Associazione Nazionale Medici Cardiologi Ospedalieri

CONGRESS ABSTRACT

CONGRESS ABSTRACT

DEEP SEDATION WITH ONLY PROPOFOL FOR ELECTIVE EXTERNAL ELECTRICAL CARDIOVERSION OF ATRIAL FIBRILLATION: EXPERIENCE AND SAFETY OF AN CARDIOLOGICAL PROCEDURAL MANAGEMENT

DE LORENZIS ALESSANDRO BENTIVOGLIO (BO) – OSPEDALE DI BENTIVOGLIO | ROMANAZZI SERENA BENTIVOGLIO (BO) – OSPEDALE DI BENTIVOGLIO | NAPOLITANO FIORENZA PIA BENTIVOGLIO (BO) – OSPEDALE DI BENTIVOGLIO | NANNI GIULIA MIRANDOLA (MO) – OSPEDALE SANTA MARIA BIANCA | TORTORICI GIANFRANCO BENTIVOGLIO (BO) – OSPEDALE DI BENTIVOGLIO

Worldwide, atrial fibrillation is the most common sustained cardiac arrhythmia in adults. Electrical cardioversion is still the preferred method to restore sinus rhythm in patients with atrial fibrillation.
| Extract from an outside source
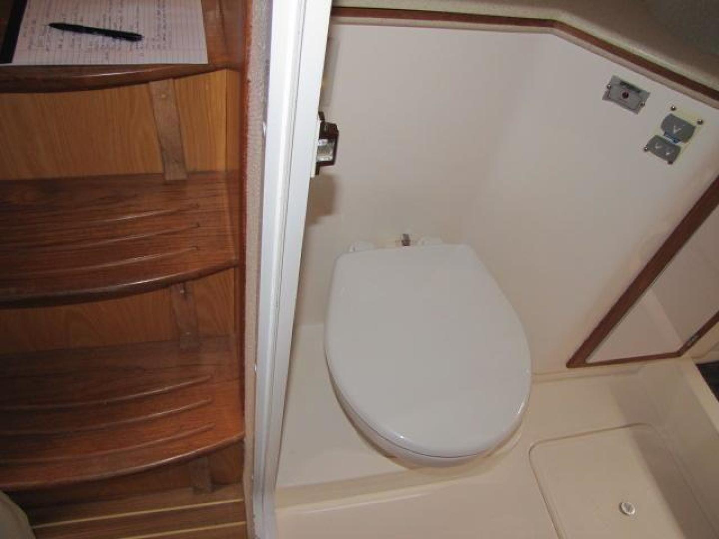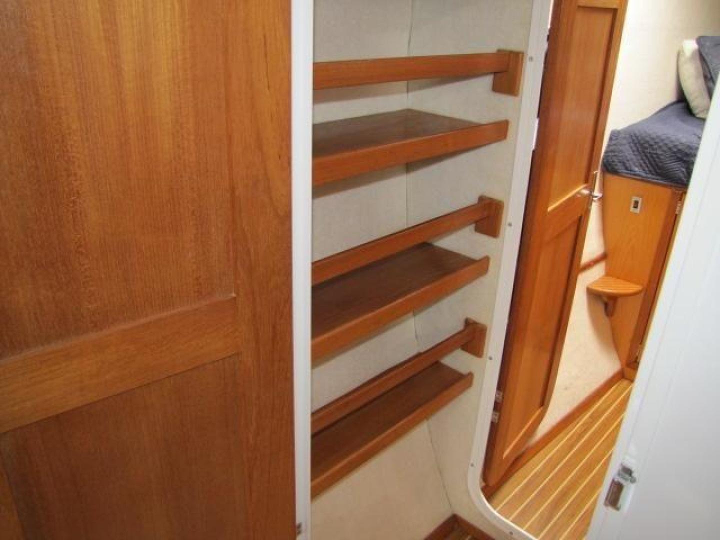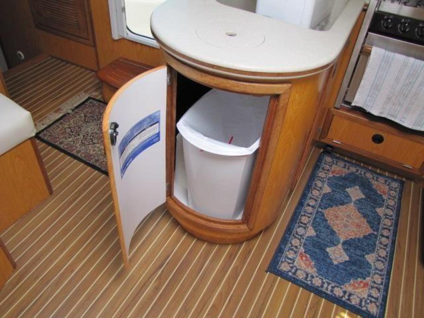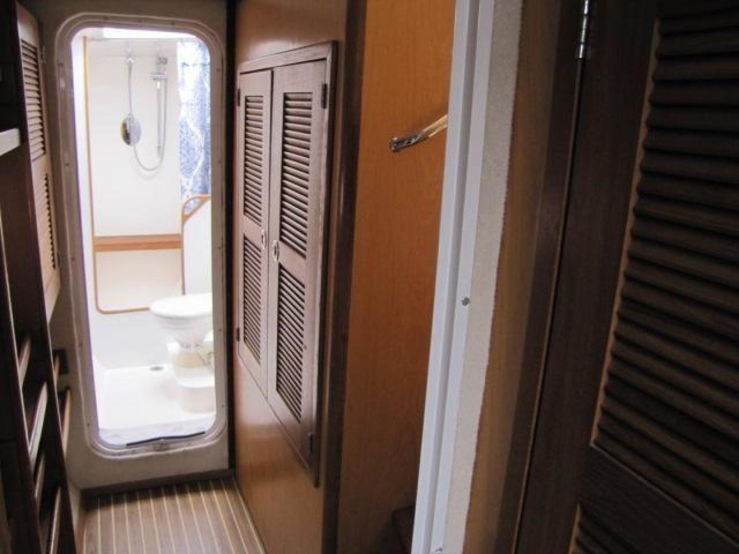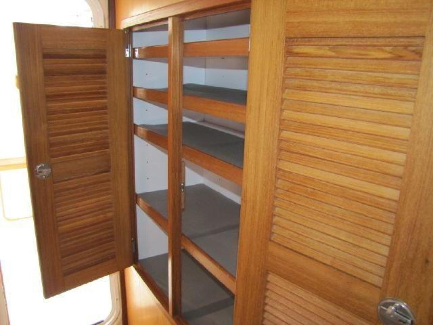 The interior finish is honey oak veneers with solid teak trim. Headliners are vinyl. The salon, master stateroom, VIP cabin and walkthrough areas are all high strength composite teak and holly. The remaining sole is white fiberglass. Hull walls are lined with a light colored Ozite carpet.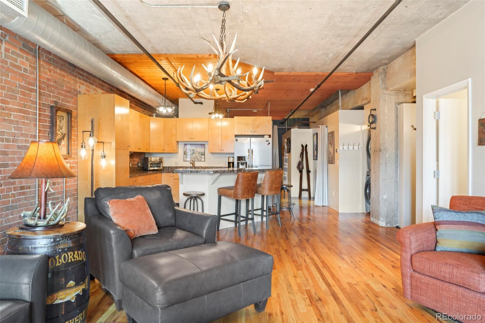 Welcome to this lovely, warm, and homey well-maintained loft.This 1,128 sq. ft. loft lives big with its open floor plan, featuring a kitchen with a large island, living room, and dining room—perfect for everyday living and entertaining. The primary bedroom is also spacious with a massive walk-in closet and full primary bath. There is an additional half bath for guests. The loft has a large window overlooking Wynkoop Street with great city views. Included are all appliances, special lighting, window coverings, newer washer/dryer, fresh paint, one secure deeded covered parking space, and a storage unit. The kitchen offers plenty of counter space and abundant cabinets. With high concrete ceilings, exposed brick walls, shiny hardwood floors, and loads of character and charm, this loft is truly special. A+ location with great neighbors who work and play together—don’t miss this one! Ice House Lofts is an iconic and premier historic building in LoDo. There are very few historic buildings in the downtown area—especially of this caliber. It’s iconic both for its history and its location. The building began as the Littleton Creamery in 1895 and was expanded in 1907 by Beatrice Foods. It became known as the Ice House because of the many ice vaults used to keep food frozen—before refrigeration existed. With its beautiful brickwork and smokestack, the building has stood proudly for over 100 years. The location is unbeatable—on a quiet street, yet steps away from Coors Field and Union Station. From here, you’re close to top restaurants, bars, every major sports team, the symphony, theaters, the new 16th Street Mall, plus biking and walking paths. All this, with even more exciting development on the way.

The main, and probably the only, disadvantage of electrical cardioversion is that it requires deep sedation with anesthetics. The most widely used anesthetic for this type of procedure is Propofol, due to its pharmacodynamic and pharmacokinetic properties with administration that is generally performed by anesthesiologists. The aim of this study was to evaluate the feasibility and safety of deep sedation for elective elettric cardioversion with only propofol by the cardiologist with a shared protocol with anesthesiologists. The proposed protocol involves using Propofol according to current local anesthetic practices (0.5-1 mg/kg) and recording all procedures and any complications. The protocol included operational training with anesthesiological assistance with the procedure performed entirely by the cardiologist with sharing of the dosage of the drug and preparation for sedation with the intervention of the anesthesiologist only in case of complications In the case of multiple and severe comorbidities (obesity, respiratory failure, OSAS, etc.) the patient could be excluded from this protocol The data of the 40 electrical cardioversions (38 patients) performed in the year 2024 were prospectively analyzed. 1 patient was excluded for consuming alcohol the previous evening. Electrical cardioversion was effective in 98.9% of the cases. Deep sedation was effective in 100% of cases with a medium dosage of propofol of 76 mg, with a minimum of 50 and a maximun of 140 mg. No deep sedation -related complications were observed, neither significant respiratory depression requiring intubation nor anaesthesiologist support. All patients showed rapid recovery by waking up within minutes, on 3 occasions non-invasive supportive ventilation was required. No thromboembolic and allergic complications were observed. Arrhythmic complications were bradyarrhythmias especially sinus bradycardia (6 patients), a 3-second pause was recorded in one patient. No hypotension has been reported. In conlusion deep sedation with Propofol alone for electrical cardioversion electron procedures in patients with atrial fibrillation can be safely managed by a cardiologist.